Wed, Apr 26th, 2017

Top old-fashioned health pearls of wisdom – does granny really know best?

The myth of cheese causing nightmares is thought to stem from A Christmas Carol, when Scrooge blamed eating a “crumb of cheese” before bedtime for his woes

Carrots help you to see in the dark

Partly true: “There is some truth in this,” says Kelly Plahay, chairman of The Eyecare Trust. “Fresh vegetables are very good for the eyes because of the antioxidants they contain. And carrots are also a good source of vitamin A, so can help to preserve night vision.”

Frozen isn’t as nutritious as fresh

False: Fruit and veg have great nutritional value as long as they are fresh but they start to lose this goodness as they age in the fridge, fruit bowl or vegetable rack.

Over-cooking has the same effect unless you use the cooking water in your recipes, too. But because foods are frozen while still very fresh, they don’t lose nutrients in the same way.

Leading nutritionist Zoe Harcombe ­(zoeharcombe.com) says: “Research shows that frozen fruit and vegetables are as good, if not better, than fresh – and there’s little difference with meat and fish.”

Reading in dim light can damage your eyes

False: “If there’s enough light to read then, by definition, there’s enough light,” says Kelly Plahay.

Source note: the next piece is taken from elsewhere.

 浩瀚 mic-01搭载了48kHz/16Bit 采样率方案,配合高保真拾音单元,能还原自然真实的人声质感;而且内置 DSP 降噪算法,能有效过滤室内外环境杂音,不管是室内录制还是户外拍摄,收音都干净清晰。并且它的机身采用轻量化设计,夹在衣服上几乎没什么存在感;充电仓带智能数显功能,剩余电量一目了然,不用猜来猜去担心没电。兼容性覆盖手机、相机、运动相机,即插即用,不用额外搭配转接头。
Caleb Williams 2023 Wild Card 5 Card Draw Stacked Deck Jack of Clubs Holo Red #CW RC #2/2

“Reading in poor light may give you a headache as your eyes get tired but it won’t do any lasting damage to your eyes or the quality of your vision.

“However, as we get older we need more light to see clearly as the lens in the eye stiffens as part of the natural ageing process, making it increasingly difficult to focus on print.”

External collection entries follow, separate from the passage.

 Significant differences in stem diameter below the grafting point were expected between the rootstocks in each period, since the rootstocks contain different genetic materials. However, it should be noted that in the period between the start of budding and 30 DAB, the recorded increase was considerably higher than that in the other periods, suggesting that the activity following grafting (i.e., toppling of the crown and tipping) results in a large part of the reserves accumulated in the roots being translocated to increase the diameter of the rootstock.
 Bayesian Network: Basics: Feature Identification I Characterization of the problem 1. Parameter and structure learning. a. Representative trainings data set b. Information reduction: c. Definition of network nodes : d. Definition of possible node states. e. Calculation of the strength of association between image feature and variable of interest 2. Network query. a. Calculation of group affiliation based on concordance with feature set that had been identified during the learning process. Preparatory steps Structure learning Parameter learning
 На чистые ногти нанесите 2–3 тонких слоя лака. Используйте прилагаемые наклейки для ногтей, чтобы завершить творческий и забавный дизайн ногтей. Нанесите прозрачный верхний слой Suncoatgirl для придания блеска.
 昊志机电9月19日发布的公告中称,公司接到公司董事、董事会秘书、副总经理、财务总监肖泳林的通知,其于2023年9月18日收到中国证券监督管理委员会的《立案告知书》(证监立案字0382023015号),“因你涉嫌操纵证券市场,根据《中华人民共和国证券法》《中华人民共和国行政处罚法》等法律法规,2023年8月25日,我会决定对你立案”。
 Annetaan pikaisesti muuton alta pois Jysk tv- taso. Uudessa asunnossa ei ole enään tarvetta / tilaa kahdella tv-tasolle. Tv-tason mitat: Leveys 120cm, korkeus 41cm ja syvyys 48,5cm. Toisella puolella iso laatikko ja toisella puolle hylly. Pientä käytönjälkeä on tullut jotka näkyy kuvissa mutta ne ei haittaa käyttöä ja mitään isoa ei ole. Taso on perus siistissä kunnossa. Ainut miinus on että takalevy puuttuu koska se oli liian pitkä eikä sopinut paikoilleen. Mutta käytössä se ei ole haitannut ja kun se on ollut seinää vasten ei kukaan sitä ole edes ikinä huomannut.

An apple a day keeps the doctor away

Partly true: “This has a lot of truth,” says Dr William Bird MBE, founder of health IT company Intelligent Health. “Apples are a powerful source of antioxidants and eating them on a regular basis as part of your five-a-day can help you avoid diseases. Apples also contain vitamin C, which is vital for the development of collagen in your bones, muscles, cartilage and blood vessels. The skin has pectin that can lower cholesterol, too.

“But you do also need to eat healthily, exercise and cut out bad habits such as smoking to keep the doctor away.”

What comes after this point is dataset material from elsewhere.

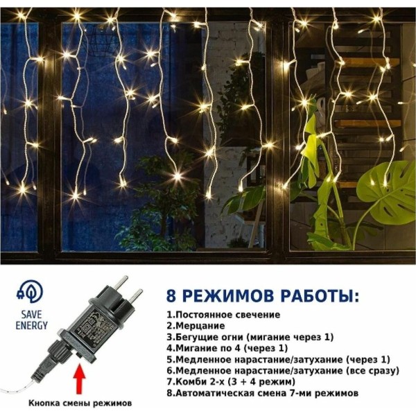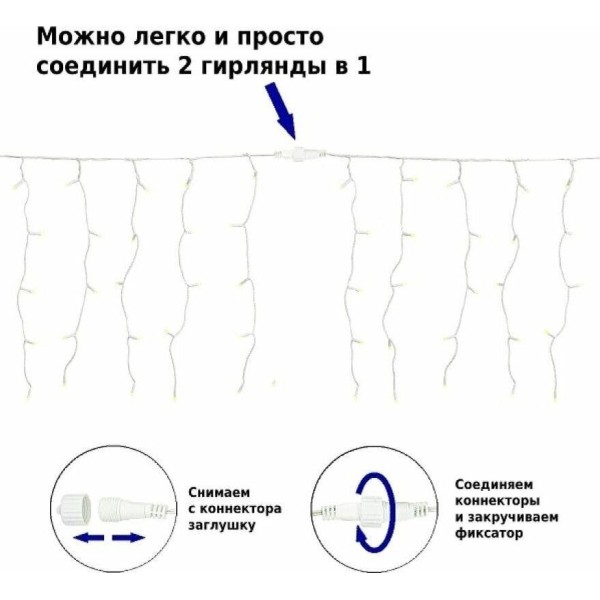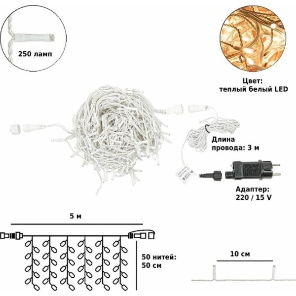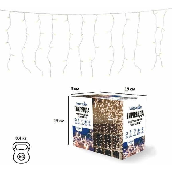 Электрическая гирлянда-занавес Winter Glade станет замечательным украшением дома в период новогодних и рождественских праздников. Мерцающий свет лампочек подарит сказочное праздничное настроение. • Длина гирлянды: 500 см • Длина нитей: 50 см • Длина провода: 3 м • Количество лампочек: 250 штук • Цвет лaмпочек: теплый белый LED • Расстояние между лампочками: 10 см • Цвет проводa: белый • Количество режимов: 8 штук • Питaние: адaптер (входящeе нaпряжение — 220V; иcходящее — 31V) • Применение: внутри/снаружи помещения • Размер индивидуальной коробки: 13х9х19 см • Размер транспортной коробки: 40,5х37,5х39,5 см • Количество штук в коробке: 24 шт • Вес нетто: 400 г • Вес брутто: 430 г • Производитель: Winter Glade • Страна: Китай
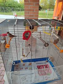 gabbia grande, completa di piedistallo, altalena, stecche, nido, etc etc.

You should never mix grape and grain

False: There’s no scientific evidence to back this up. Mixing drinks may make you feel more ill by upsetting your stomach but won’t make you more intoxicated. It’s more likely to be the sheer quantity of alcohol that causes problems the next day.

Cod liver oil EASES creaky joints

True: “Cod liver oil can help reduce pain in joints,” says Dr Bird. “According to researchers in Cardiff, 86% of patients who took 2,000mg of cod liver oil capsules every day had reduced levels of one of the enzymes that cause cartilage damage, compared to only 26% of those were given a dummy capsule in the study.”

Wearing glasses all the time will make your eyes deteriorate

False: “Your eyes will not grow weaker as a result of wearing spectacles or contacts,” says Kelly Plahay. “Your prescription may change in time due to ageing or an eye condition but it is not due to a current prescription.”

Eat chicken soup to cure a cold

Partly true: Research shows there may be some scientific fact behind this centuries-old advice.

Stephen Rennard, a pulmonary specialist at the University of Nebraska Medical Center, found some ­ingredients in it can cut ­inflammation by blocking the movement of ­inflammatory white blood cells. And tinned soups seem to be just as ­efficient as home-made ones.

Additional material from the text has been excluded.